I did some research and saw possible cable or connection issues, followed steps to repair, no joy. Came across a suggestion - boot to bios set-up utility, choose "apply defaults and exit", system will start right up. Well, that is correct. I can do that and system will boot normally. However, that has to be done for every boot - easy for me, clearly not a fix I can give back to a client.

Have tried resetting boot to legacy mode - tells me i don't have an OS. Anybody seen this before or have any suggestions?
 
I would guess it's been upgraded, although i didn't do the upgrade myself. I don't know how to look for a jumper to reset the CMOS. I can certainly try reflashing the BIOS.
 
I would try a clean re-install on a new drive - if there is no new bios updates. Also, I had a problem with a home built pc a few months ago, which had an Asus motherboard. Cloned the mechanical hard drive to a new SSD, worked fine for a few weeks then stopped booting. Would only boot from the mechanical drive, didn't matter what settings were used. I did a new clone from the SSD and set the boot to GPT, instead of MBR, and this worked!! This might be worth a try.
 
This thread rang a bell. After doing a search I came across a solution post which I'm pretty sure was posted on here as well. Sounds odd, but some claim it works. Second to last post in the thread.

http://h30434.www3.hp.com/t5/Deskto...nable-to-resolve-a-boot-failures/td-p/3931332
Thanks Mark, that was actually the first thing i tried. I did the "pull the drive in and out 10-20 times" trick twice and it didn't help either time. I also tried reseating the sata cables, no luck. So odd that resetting the bios to default works each time, but of course that's not a solution. I'm going to try a clean install next on a known good drive.
 
Just an update - a new drive and a fresh install fixed it. Anybody have any idea why resetting bios to default on each boot would have worked to load a failing drive or a messed up Windows install?
 
This is a weird one. Maybe it's the way the UEFI handles the initialization process.

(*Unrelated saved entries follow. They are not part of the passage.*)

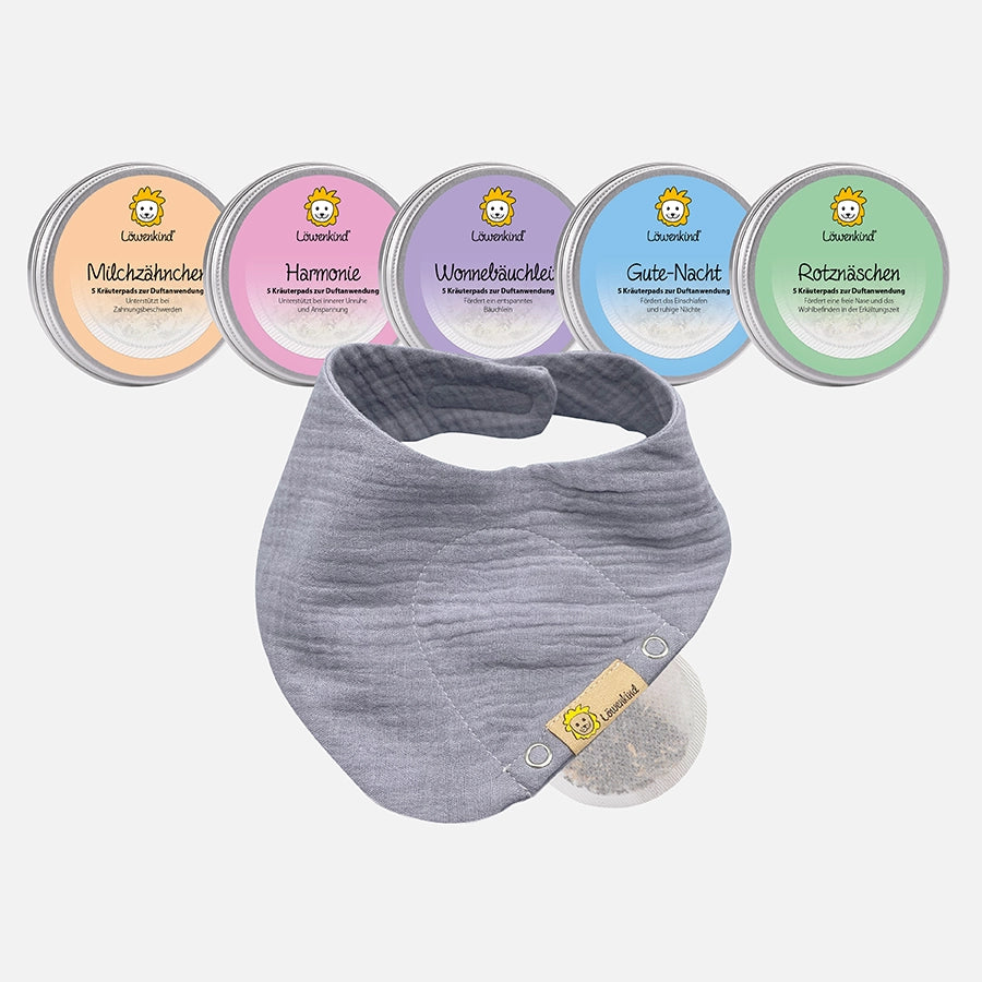 Das Rundum-Sorglos-Paket für Babys beinhaltet ein Musselin-Halstuch "Mini" aus 100% Bio-Baumwolle (0-4J.) und fünf Kräuterpad-Dosen für alle Kinder-Wehwehchen.
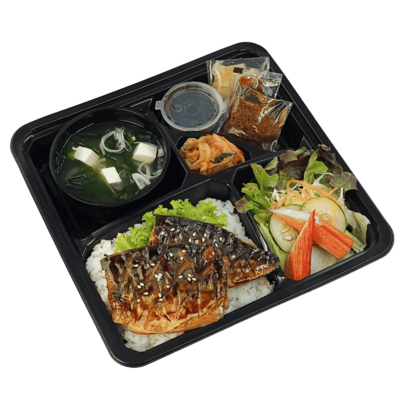 เบนโตะ ซาบะย่างเทริ มินิสลัดปูอัด ซุปมิโซะ กิมจิ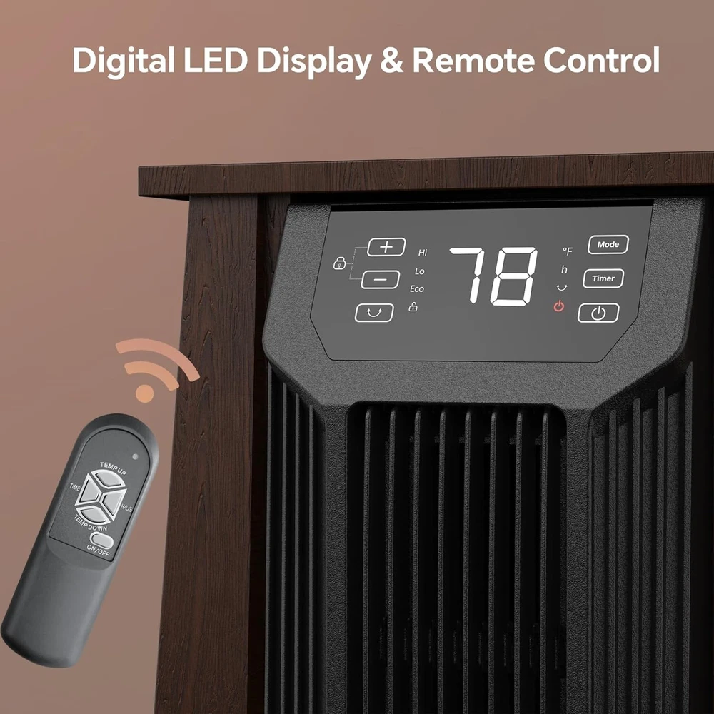 Timer Control: 12 hrs Form Factor: Cabinet Features: Timer Product Dimensions: 12.9"d X 15.2"w X 19.9"h Mounting Location: Desk/Tabletop Brand: Unbranded Type: Portable Heater Min Temperature Setting: 60 Degrees Fahrenheit Material: Wood UPC: Does not apply Area Covered: 200-300 sq ft Item Depth: 12.9 in Item Weight: 5 Pounds Indoor/outdoor Usage: Indoor gtin13: Does not apply Control Style: Remote Control, Digital Power: 1501-2000 W Recommended Uses For Product: Home Mounting Type: Tabletop Mount Color: Walnut Voltage: 120 V Heating Coverage: 200-300 Square_feet Number of Heat Settings: 3 Power Source: Electric Max Temperature Setting: 90 Degrees Fahrenheit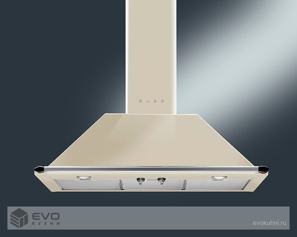 Купольная вытяжка Smeg KT90PE – настенная вытяжка имеет три скорости работы, которые позволяют ей подобрать оптимальный режим очищения воздуха в помещении, а интенсивная ступень обеспечивает быструю вентиляцию сильно задымленного воздуха. Для выбора параметров работы служат стальные поворотные переключатели.

When the BIOS or UEFI are initialized they check for stable power, video, the various buses etc and then look for a partition to boot. Then the BIOS looks at the first sector of the HDD for the code to execute while the UEFI reads a file stored on a small system partition on the system drive. Perhaps there was corruption in that partition or a virus that only effects the boot process and not Win 10. After the reset it gets cleared for some reason.

Who knows. I'm just grasping at straws. At least you fixed it and can get paid.